I only give something small for new babies now, (often buy generic things in the reduced section in TK Max to keep in stock at home) then something token like socks or finger puppets for when we visit a second born as cost much (usually buy a magazine or pocket money toy for the older sibling too which is often more useful than new baby gifts!).

It sounds like you're a lovely warm generous person, and obviously well liked to have so many friends, so just cut back a bit and most people won't notice or care.

Like pp suggested, can you buy the same book for new babies and just say something like "so and so said how much they loved this book with their baby so now I always give this one to all new babies now" then there is no head space given to it, and can get it cheap in The Works or similar.

I only buy first birthday presents for my 3 closest friends, but not xmas or birthday unless we happen to be seeing them in person at the time.

stackemhigh · 22/04/2021 12:55

She sounds bloody grabby!

No more presents, only for those who you are close to and those who remember you on birthday and Christmas.

drpet49 · 22/04/2021 12:56

* You should stop sending birthday presents for a start, unless you are invited to a birthday party or a christening, no present is needed!*

^Oh sorry, I didn’t realise that the universal rule Hmm.

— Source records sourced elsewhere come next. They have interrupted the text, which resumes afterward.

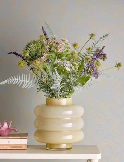 The Sahara Vase by Bloomingville is made of yellow-colored glass with an organic, bubbly shape. The soft and lively design adds a delicate touch that fits beautifully into most interiors. The vase is ideal for flowers but also works well as a decorative element on its own.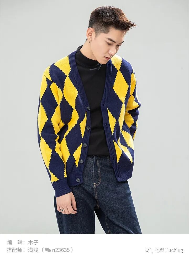 图中穿搭颜色一看就很亮眼,黄蓝对比配色有视觉冲击力,而且菱形格子图案让整体更有艺术画面感,比起纯色开衫显然这样的针织开衫会更有时尚气息。LOOK3:有些男生可能会比较反感运动装,认为运动装不得体不适合日常穿着。请搞清楚这点:运动装不是运动套装,并不是只有运动的时候才会穿得着运动装。运动装也是也可穿得很休闲的,看下图: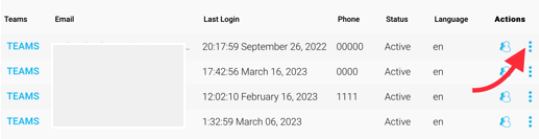 在“Users & Teams”用户与团队页面,将显示公司添加的所有成员,点击每行最右侧“操作”按钮,您可: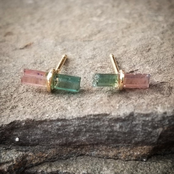 Tourmaline Earrings October Birthstone Earrings Raw Crystal Earrings Watermelon Raw Tourmaline Jewelry Womens Gift Wife Gift 14k Gold Studs
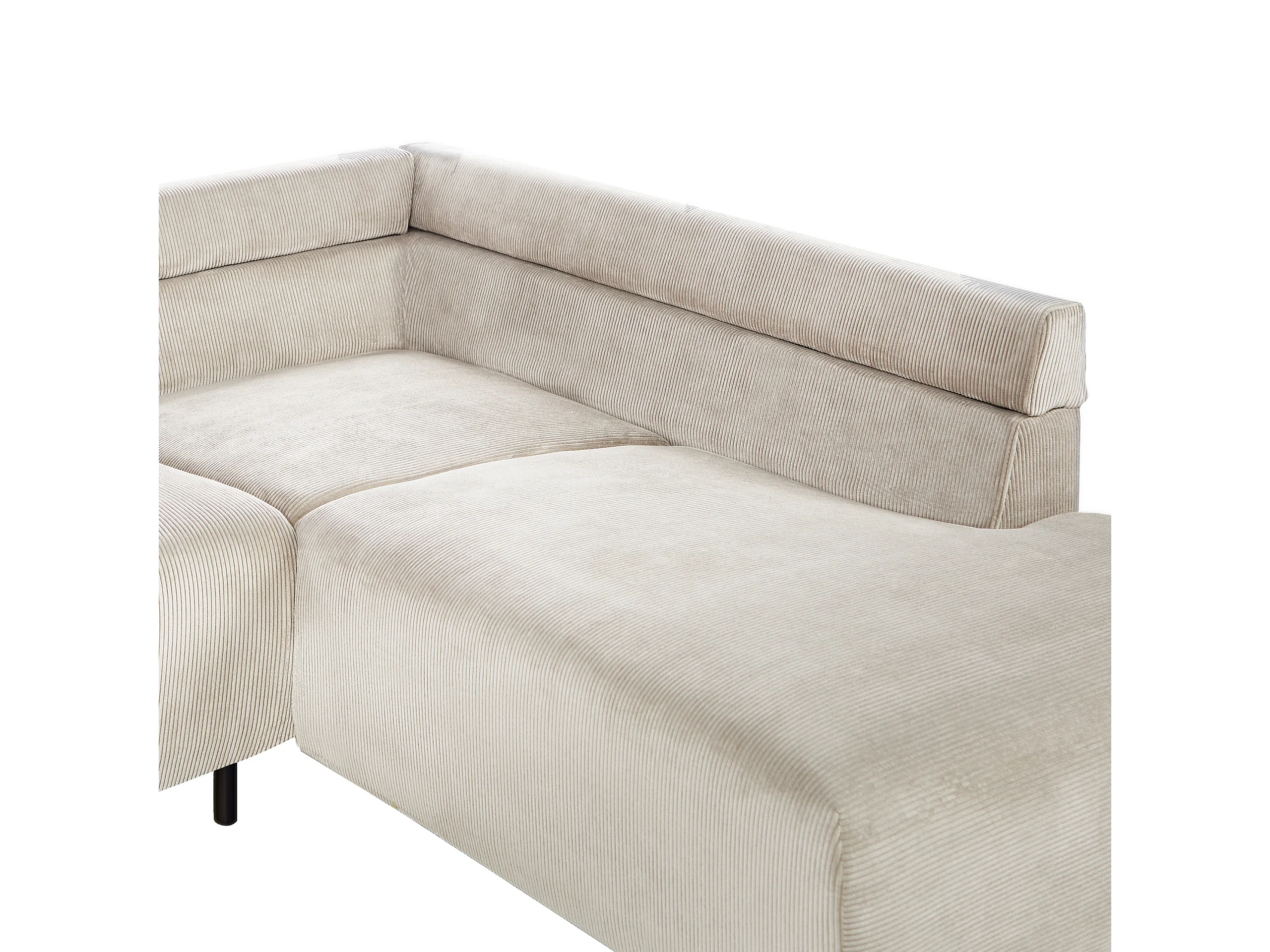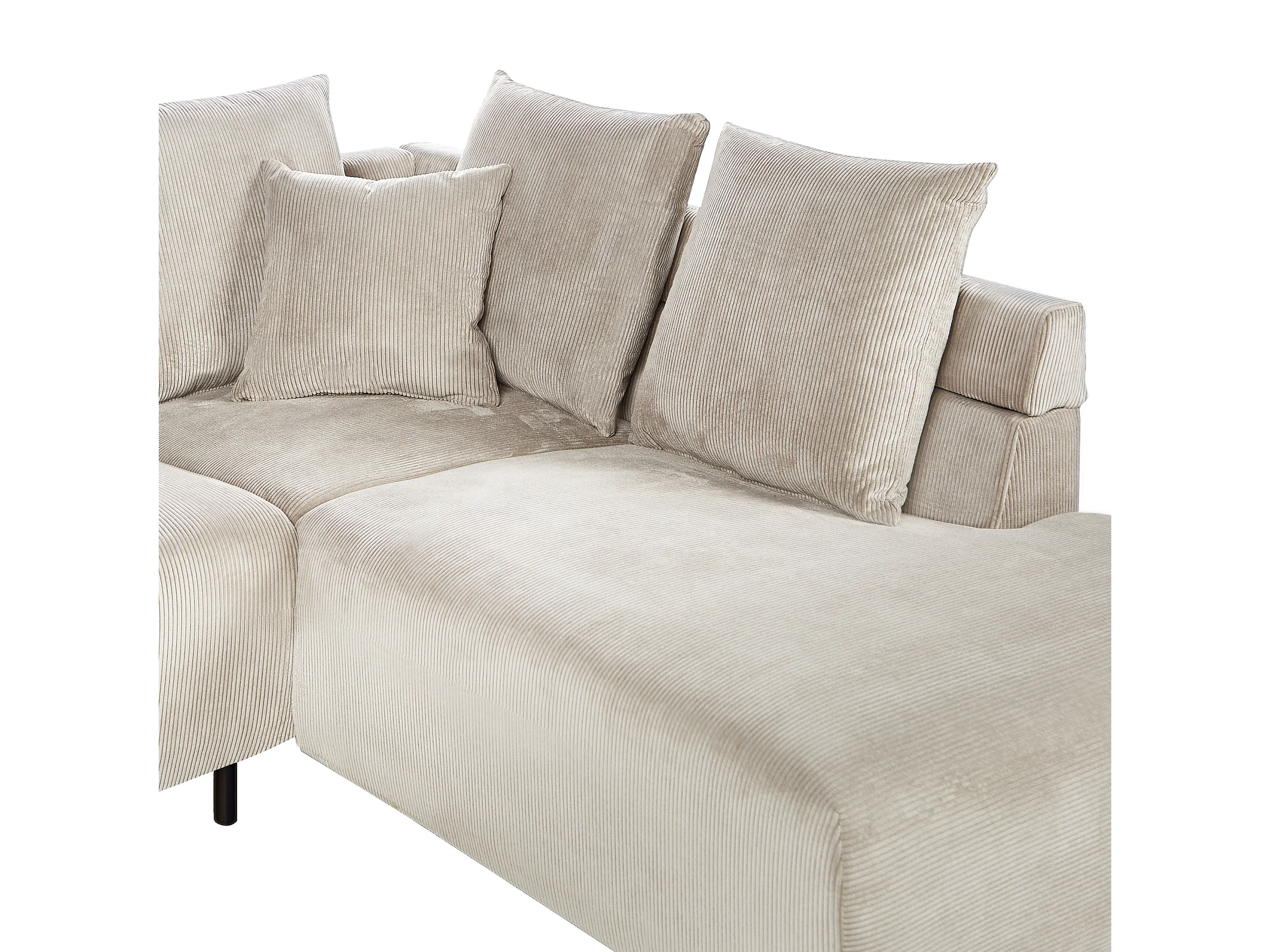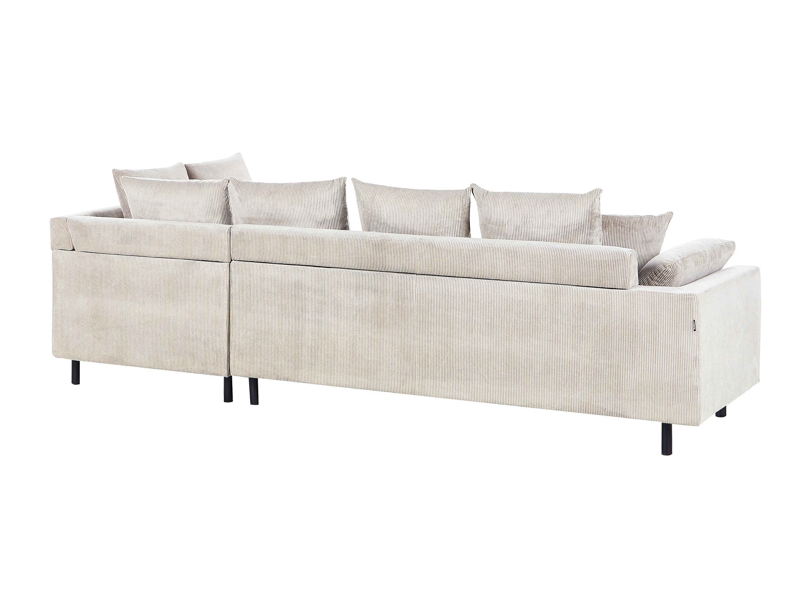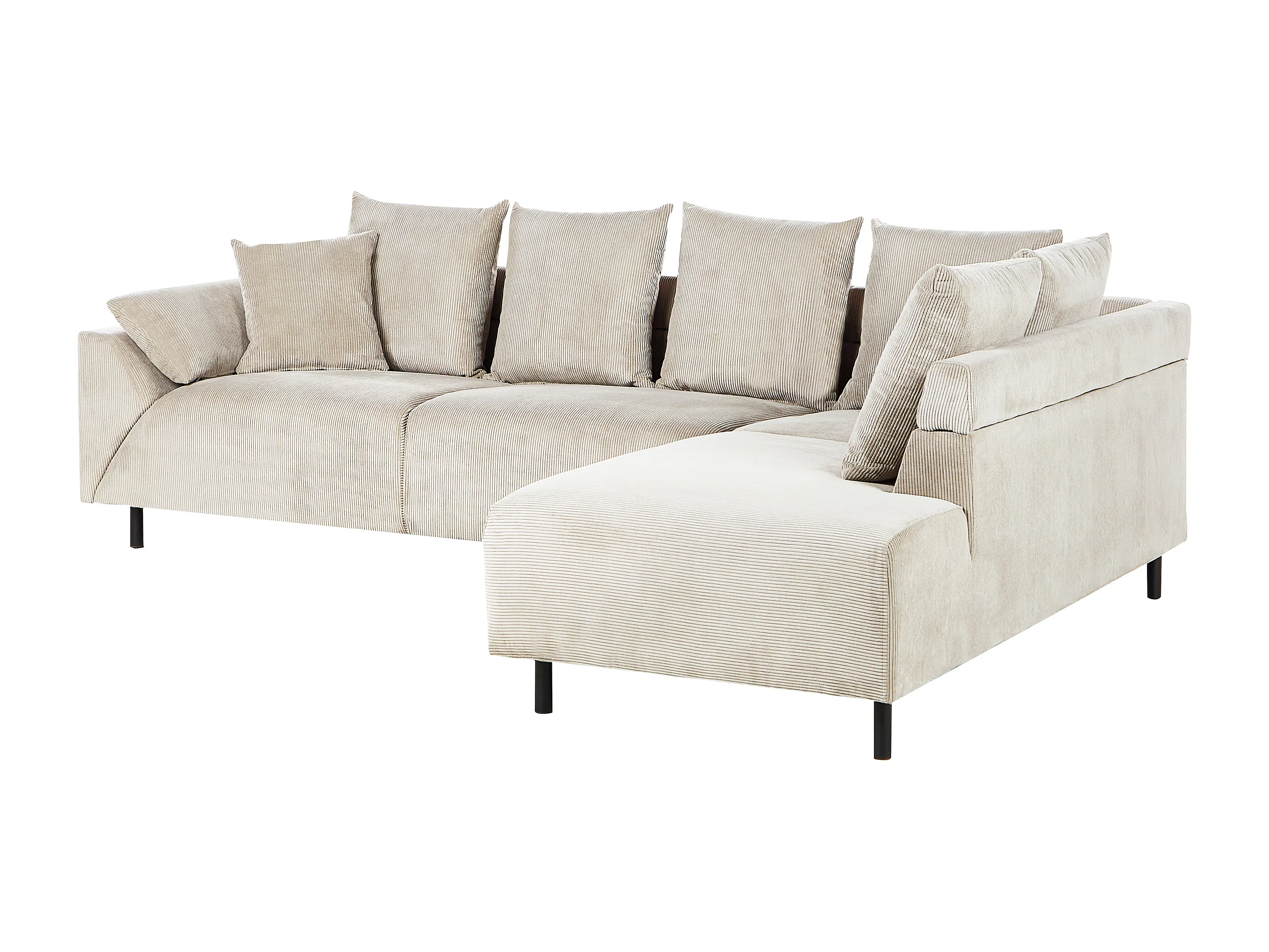 Canapé d'Angle à Gauche Moderne en Velours Côtelé Coussins en Tissu Pieds en Métal Beige Lunner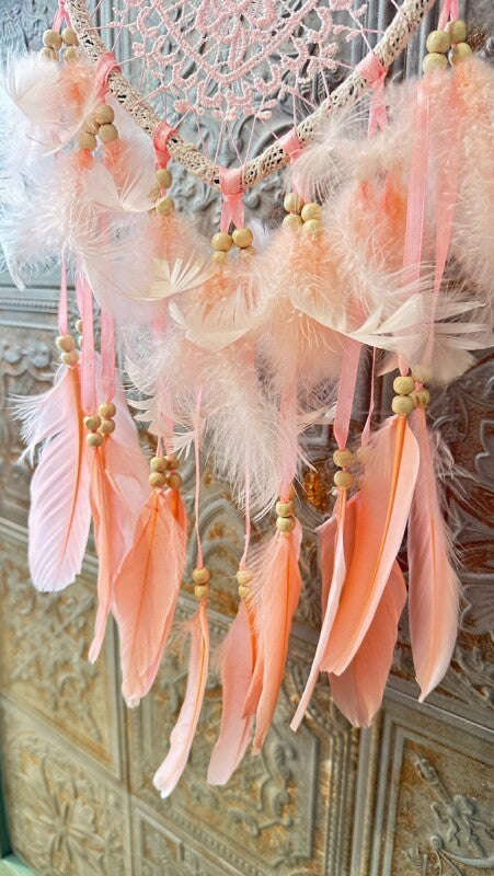 愛を掴まえる!直径17.5センチ 悪いものを消滅させ夢を掴む ドリームキャッチャーラージハート ピンク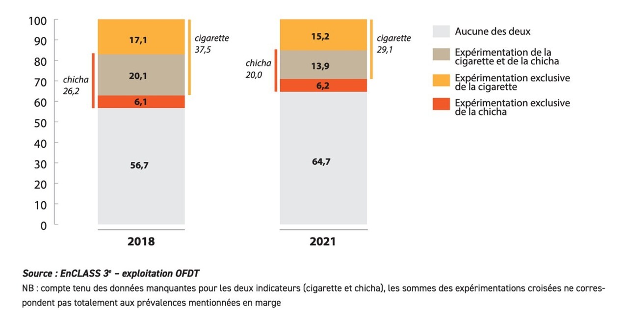 Cependant, malgré ce recul, la chicha semble jouir d’une image plus positive que la cigarette chez les jeunes, et les expérimentations exclusives se stabilisent aux alentours de 6 % entre 2018 et 2021 (fig. 2).3 Ainsi, l’usage de la chicha pourrait devenir un mode supplétif à la consommation de cigarettes de tabac pour une part notable des jeunes.
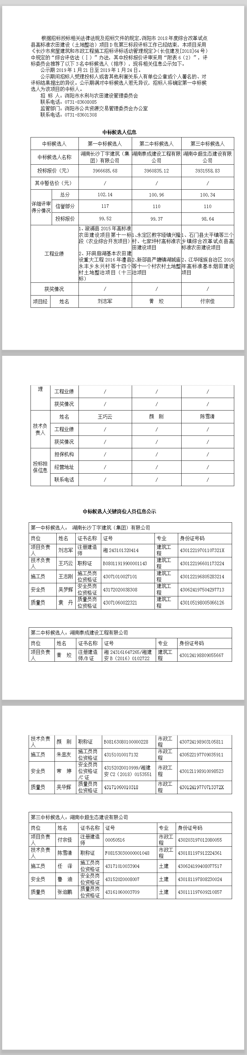 瀏陽市2018年度綜合改革試點(diǎn)縣高標(biāo)準(zhǔn)農(nóng)田建設(shè)(土地整治)項(xiàng)目D包第三標(biāo)段中標(biāo)候選人公示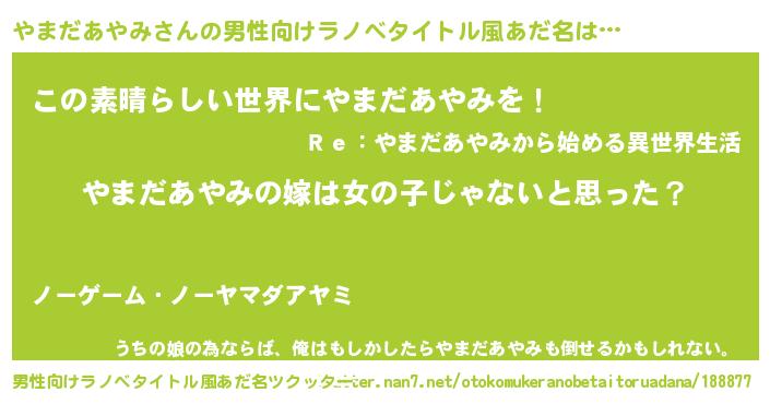 | 女子向けラノベタイトル風あだ名 | 『やまだあやみの卵を拾いまして』 |

If people want to, what is the problem?

FrancesFlute · 22/04/2021 12:56

Pregnant with my second and although the gifts I got with my first were lovely and appreciated, I hope next time I don't get anything! I got so many bunches of flowers I became stressful as I didn't have many vases and places to put them, as well as not having the energy to stand and snip/put them in. Best present for me would be food such as an evening meal or as PP suggested, a nice big slab of chocolate or a slice of cake!